Science Business: EU announces two scrutiny bodies to tackle red tape
A new push to cool what critics perceive as the over-active Brussels legislative machine is welcomed by industry, but denounced by NGOs as a bonfire of standards
The European Commission is to beef up its capacity to measure if and by how much EU legislation will burden small businesses, with a new seven-member board to vet and stress-test plans for new legislation and powers to carry out retrospective evaluations of existing rules.
“Today, some of the toughest criticism of the EU comes from SMEs,” said Commission vice-president Frans Timmermans announcing the plan. “Down the road I want to hear SMEs say, ‘the boys and girls of Brussels are doing it better now’.”
“The idea is good,” said Markus Pieper, centre-right politician and chair of a European Parliament working group called the SME Circle. “But it can make an impact only if the board is 100 per cent independent, like similar institutions in Germany and the UK, and has the power to stop legislative proposals.”
A fully independent panel, however, is not on the menu. The new board will have three Commission officials, three external members and a chair, who will be the Commission’s deputy director-general responsible for EU’s push for ‘Better Regulation’.
In addition, Timmermans announced the formation of Regulatory Fitness and Performance, or Refit, a programme to cut red tape and simplify EU law. A group of experts from business and civil society and all 28 EU member states will provide advice and a Refit website with a “Lighten the Load — Have Your Say” feature, will encourage people to, “Tell us what you find irritating, burdensome, or in need of improvement.”

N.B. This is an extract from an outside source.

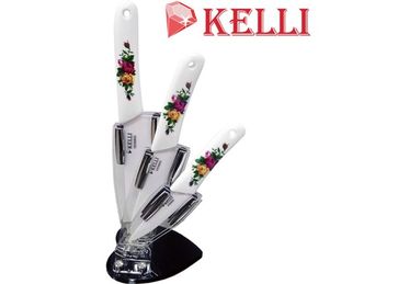Набор керамических ножей Kelli (Келли) KL-2043 Керамические ножи Kelli KL-2043 из 4 пр. - Материал: ножа циркониевая керамика - Керамические белые лезвия - Ручки ножей из натуральной керамики - Нож поварской -15 см - Нож универсальный -12,5 см - Нож для чистки овощей - 10 см - Эффектная подставка для ножей - Подарочная упаковка None

Attempts to cut EU red tape are nothing new of course. A stress-test last June for example singled out 53 initiatives that should be scrapped. What appears different now is the vim with which the Commission is approaching the task. Timmermans, in his role as legislative gatekeeper, has not been shy of wielding the scissors and the new Commission is certainly cutting back on legislation, with only 23 legislative initiatives planned for this year, compared to 100 per year under the previous Barosso Commission.
Timmermans acknowledged this is part of a broader effort to quell critics who say Brussels is an overactive machine. “Eurosceptics are not wrong by definition. Eurosceptics annoy me because they are sometimes right. And when they are right we have to answer to them,” he said.
More input from the public
Timmermans said there will be a broader effort to open up the legislative process. “[The new scheme] will allow everyone to see what the cooks are doing in the kitchen,” he noted.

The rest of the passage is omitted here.